Ione Saldanha e Etel Adnan: Duas Coloristas
Ione Saldanha (1919-2001) e Etel Adnan (1925-2021) jamais se conheceram pessoalmente. Tampouco viram a obra uma da outra. Ione era brasileira e viveu quase a vida toda no Rio de Janeiro; Etel era libanesa e viveu entre Paris e São Francisco. Em 2012, a Documenta de Kassel dedicou uma sala à pintura de Adnan. Àquela altura eu preparava uma retrospectiva de Saldanha para o MAM-Rio, Fundação Iberê Camargo e MON. Surpreendeu-me imediatamente as afinidades entre as duas: a vibração da cor, a sensibilidade lírica, o contato poético com a natureza. Ambas fizeram da pintura um exercício de maravilhamento pautado nas composições cromáticas. Construção e natureza se reúnem e se potencializam nas suas poéticas.
Ambas trabalharam à margem dos movimentos de vanguarda, sem deixarem jamais de experimentar com as linguagens visuais. No caso de Adnan, o trabalho com a poesia e com a escrita caminhou paralelamente à produção pictórica. Seus Leporellos desdobram e integram escrita e pintura, concebendo em páginas sanfonadas, articuladas no espaço, uma caligrafia cromática singular. Saldanha foi densificando a matéria cromática sobre a tela até saltar para o espaço nas ripas, bobinas e bambus. Ambas viveram até o limite em uma zona de transição entre uma sensibilidade moderna que fazia da pintura um exercício de depuração da forma visual e uma urgência contemporânea que afirmava o trânsito entre linguagens, suportes e materialidades poéticas.
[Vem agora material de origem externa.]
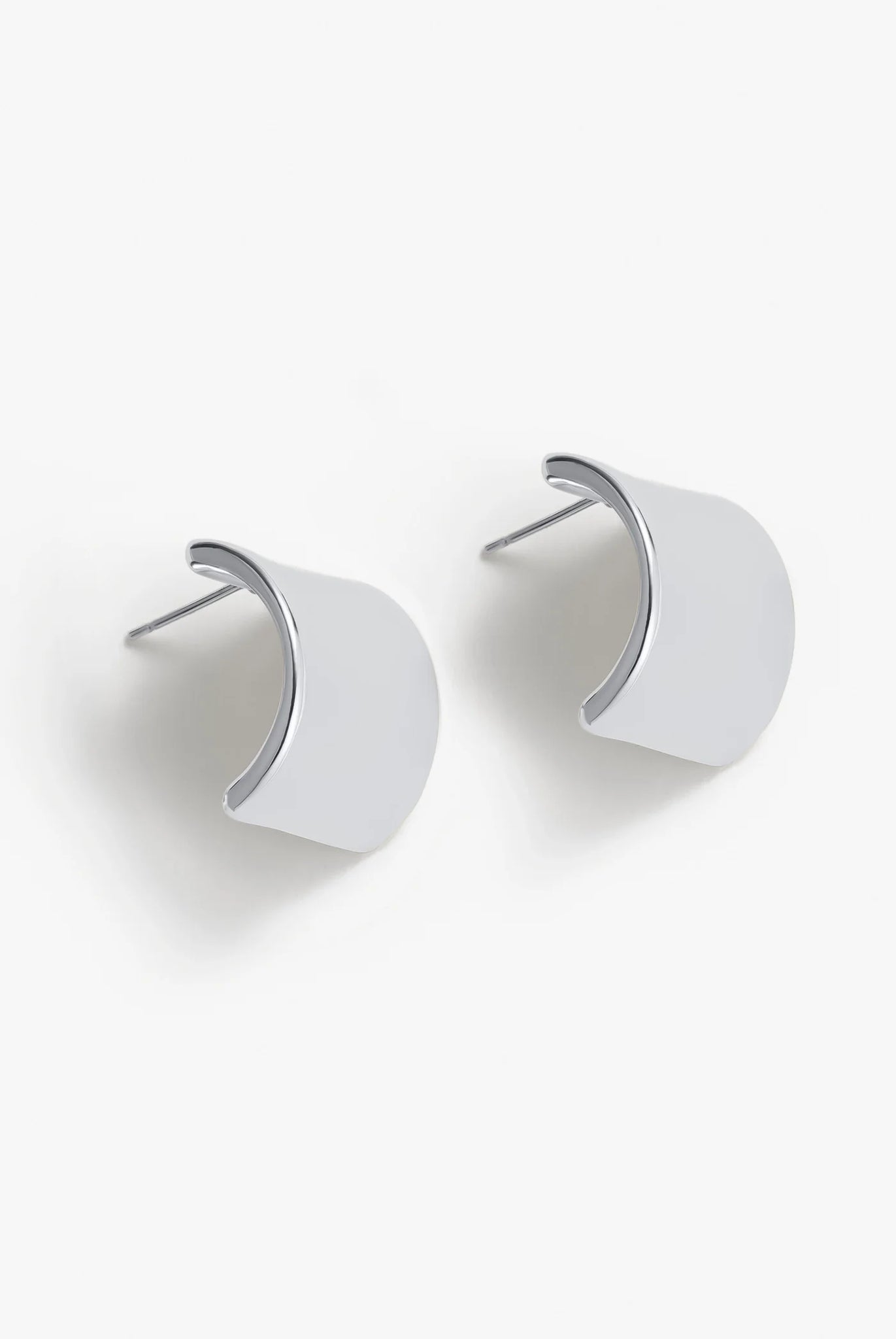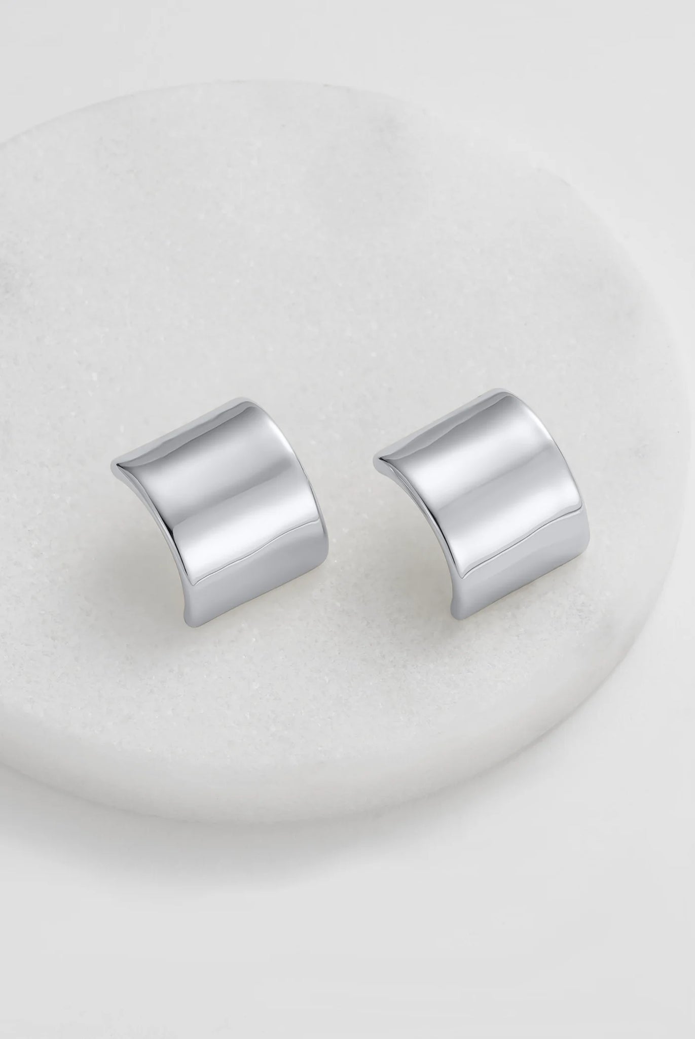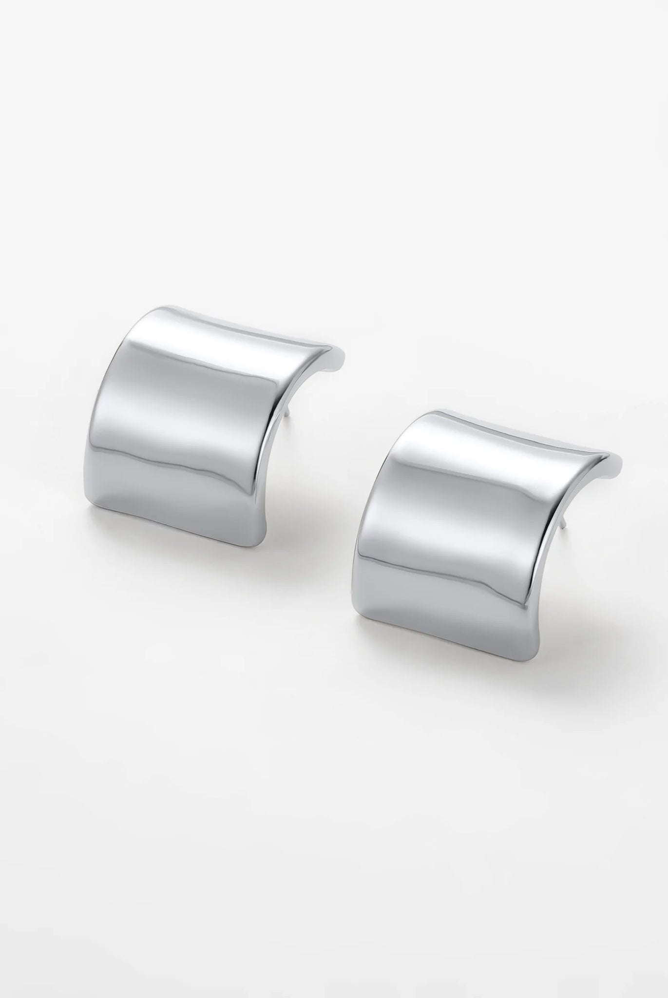 The Aria Earrings are a bold reimagining of the classic stud, designed with a wide, sculptural silver silhouette. Minimal yet striking, these statement studs add effortless polish to any look, from everyday wear to evening styling.

Nesta exposição, que ensaia um primeiro diálogo entre estas duas artistas, temos ainda a articulação de suas obras com a arquitetura brutalista e oxigenada de Paulo Mendes da Rocha. Volumes abertos integram a forma construída com o entorno natural, diálogo este muito caro a estas duas artistas que cresceram e viveram perto do mar, das montanhas e da luz natural. Quiçá seja a procura pelas variadas formas de deixar a luz penetrar no espaço, seja pictórico, seja arquitetônico, o que reúne esta casa e estas obras.
Por fim, a certeza de que a trajetória de Ione Saldanha merece ser cada vez mais vista, estudada e conhecida. Há nela essa capacidade única de juntar a experimentação com a linguagem pictórica e a desaceleração da percepção. Este diálogo franco com a pintura mais tardia de Etel Adnan, por mais pontual que seja, revela um lugar singular de ambas na história da arte da segunda metade do século XX.